> [Data below]
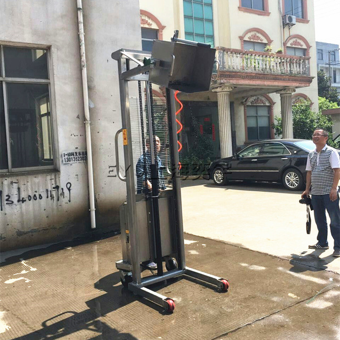 不銹鋼拉缸儲料桶升高翻轉(zhuǎn)卸料車
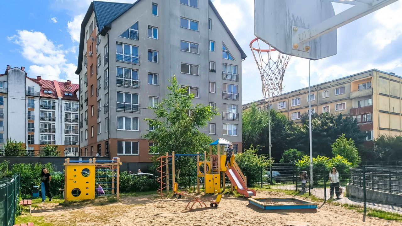 Закрытая территория дома с детским игровым комплексом. Подземная парковка. Установлены видеокамеры наружного наблюдения.
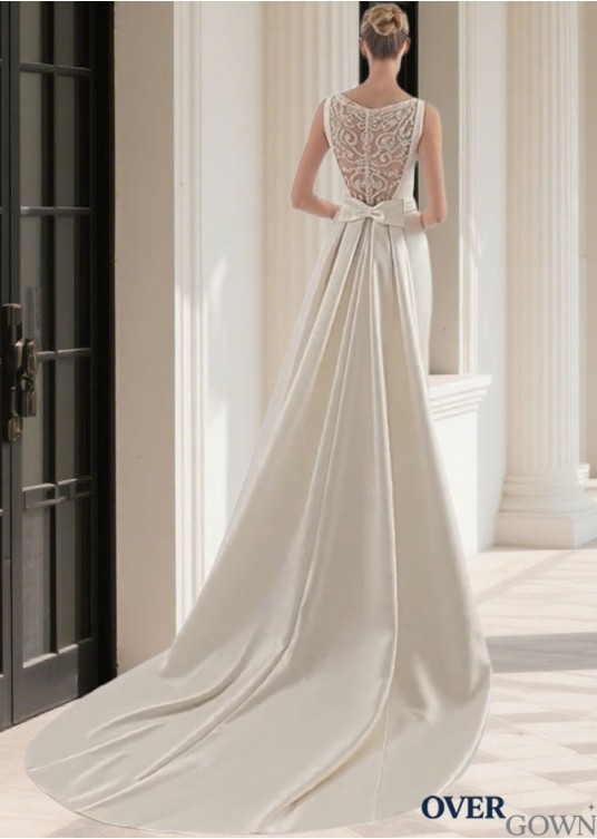 Elegant Satin Bateau Neck Sleeveless Sheath Wedding Dress with Chapel Train
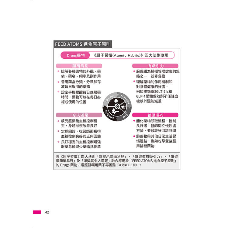 其中飲食控制的四個原子「ATOMS」分別是餐食的總量、種類、順序及進食速度(Amount, Type, Order of Meals and eating Speed),共同組成英文縮寫為:「FEED ATOMS 進食原子原則」。此英文版著作已取得美國圖文著作權。

> [Task instructions] When you retype the material above, copy each line exactly and drop whatever images appear in it.

> [Answer]
 不銹鋼拉缸儲料桶升高翻轉(zhuǎn)卸料車
 Закрытая территория дома с детским игровым комплексом. Подземная парковка. Установлены видеокамеры наружного наблюдения.
 Elegant Satin Bateau Neck Sleeveless Sheath Wedding Dress with Chapel Train
 其中飲食控制的四個原子「ATOMS」分別是餐食的總量、種類、順序及進食速度(Amount, Type, Order of Meals and eating Speed),共同組成英文縮寫為:「FEED ATOMS 進食原子原則」。此英文版著作已取得美國圖文著作權。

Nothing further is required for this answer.